What, then, do we do when our bodies don’t work like they used to? What do we do when cancer strikes or we lose abilities that we used to have? Ironically, it may be in those times that we are most aware of our bodies. Instead of taking our bodies for granted, when we are ill or sore or wounded we know that we are really more dependent than we think. And ultimately it is our limitations that bring us to others who must do for us what we can no longer do for ourselves. We hate this. We hate to be dependent on others – to feel that we are weak or needy. But it is in these times that we may discover the necessity of the other body that I want to end with – the body of Christ.

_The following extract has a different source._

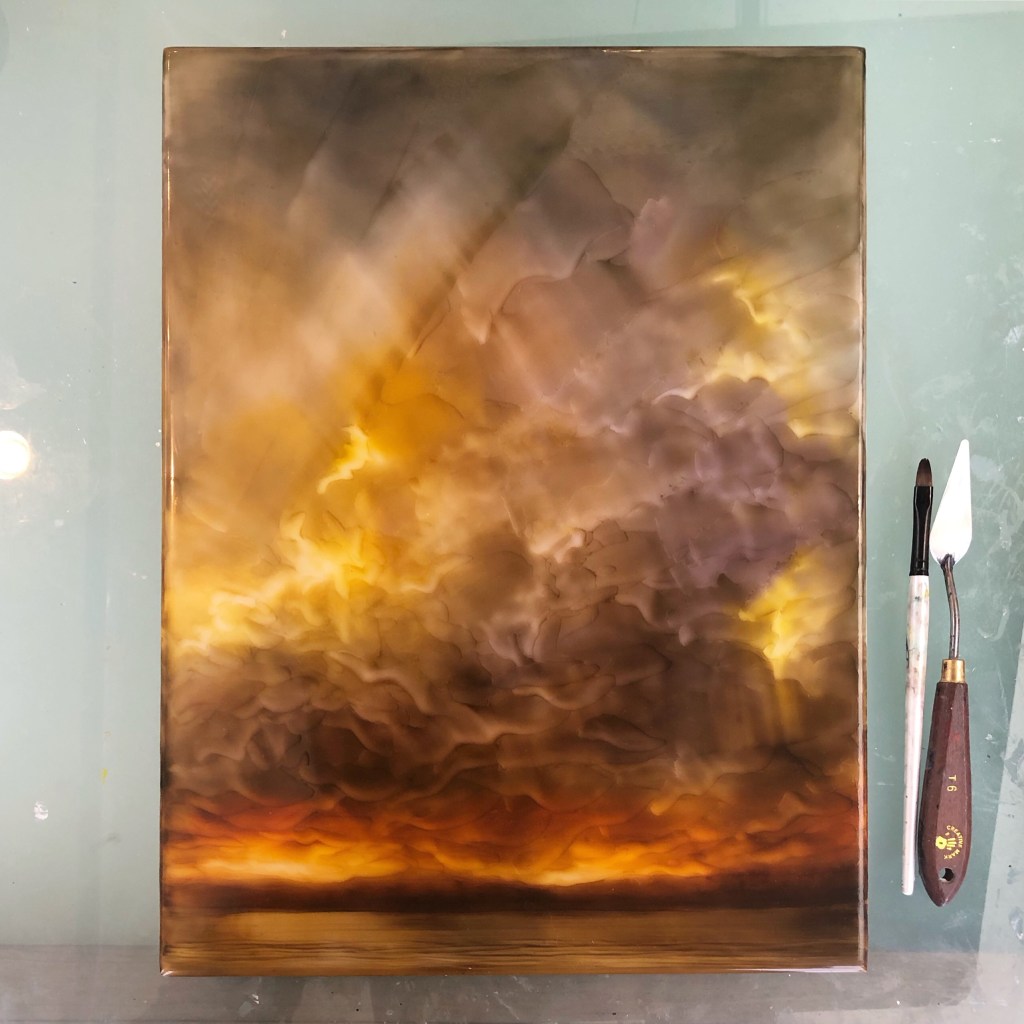 A new painting in the studio today. This piece is a love letter to light and atmosphere. A few images from the easel.

The poet Scott Cairns, in a book titled The End of Suffering: Finding Purpose in Pain, talks about friends of his who have left church because, they say, they are still spiritual, just not religious. In its own way, this is a kind of Gnosticism, too. Cairns says:

“I comprehend the unfortunate distinction being made by their parsing of terms and that distinction continues to strike me as the result of an insidious and ongoing failure – theirs, ours and mine…These beloved friends must find their way home. They must find a way to reconnect their faith to their communities and their communities to their faith. They must find a way to reconnect, as it were, the spirit with the body. Satan, our tradition tells us, looks for any vessel sailing without a fleet, and it seems to me that an individualized, isolated ‘spirituality’ is almost by definition satanic.”[v]


Who are we? Are we individuals set out on our own to navigate the world under our own strength and power? That’s surely a recipe for disaster. Aren’t we a body – the body of Christ? And it is in this body, sharing frequently of the body and blood in bread and cup, that we learn the things that will take us to the kingdom – body and soul. Thanks be to God.


1 Corinthians 6:19-20 [NRSV]

Or do you not know that your body is a temple of the Holy Spirit within you, which you have from God, and that you are not your own? For you were bought with a price; therefore glorify God in your body.



[i] Petroff, Elizabeth Alvilda, ed., Medieval Women’s Visionary Literature, ed. by Elizabeth Alvilda Petroff, [Oxford: Oxford University Press, 1986], p. 173. Referred to hereafter as Petroff.

[ii] Jacques de Vitry, “The Life of Marie d’Oignies,” in Petroff, p. 183.

[iii] Lauren Winner, Mudhouse Sabbath: An Invitation to a Life of Spiritual Discipline, [Brewster, MA: Paraclete Press, 2003], pp. 66-67.

[iv] Barbara Brown Taylor, An Altar in This World: A Geography of Faith, [HarperCollins ebook, 2009] location 621-630.

[v] Scott Cairns, The End of Suffering: Finding Purpose in Pain, [Brewster, MA: Paraclete Press, 2009], p. 77.